Hong Kong’s Zero-Contact Crew Change Plan Can Fly Seafarers With Finished Tests & Quarantine
Under the suggested scheme, specially chartered flights will fly seafarers that have completed COVID-19 tests and quarantine in their homeland to Hong Kong. They will travel to a cruise ship at anchor on a launch boat, directly from the plane. Once onboard the cruise ship they will wait and rest thereafter carrying out immigration clearance and COVID-19 tests until they are transferred to the ship they are signing on. The same process will be followed in reverse for the crew leaving a vessel.
Jonathan Jones, director and project coordinator of Crew Assist explained, “Seafarers who sign off a ship in Hong Kong must go straight and board the airplane. But very often flights are canceled and the crew is stuck on board the ship. This proposal can solve that issue.”
After the COVID-19 outbreak, a not for profit task force named Crew Assist was set up by shipping executives like the managing director at Liberian International Ship and Corporate Registry (LISCR) Gerry Buchanan, in Hong Kong.
To increase the business of the airlines and cruise operators who suffered in the pandemic, the suggested arrangement would work wonders.
According to Jones, the reply came on 3 November through the private secretary of Chief Executive Lam that the proposal had been relayed and is pending follow-up at the Transport and Housing Bureau.

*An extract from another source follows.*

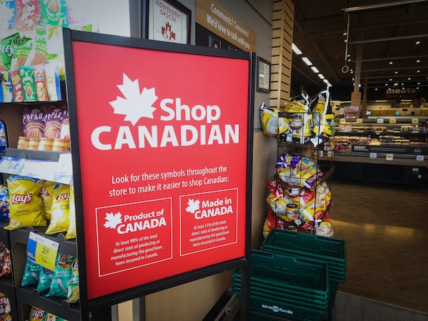 Close-up of 'Shop Canadian' poster displayed in a store in Edmonton, on March 27.Artur Widak/Reuters

In compliance with the procedure, to ensure discipline, a financial penalty should also be attached, suggests the shipping industry.
Due to a spike in the COVID-19 cases, Hong Kong had previously relaxed restrictions on crew change that had been tightened in late July to only allow ships with cargo operations in the port to conduct crew changes. Hong Kong had relaxed these restrictions in mid-June as a response to the union’s request but have decided otherwise after seeing negative results.
After the expiration of their contracts due to COVID-19 travel restrictions, The global crew change crisis continues to abandon over 300,000 seafarers stranded on their vessels.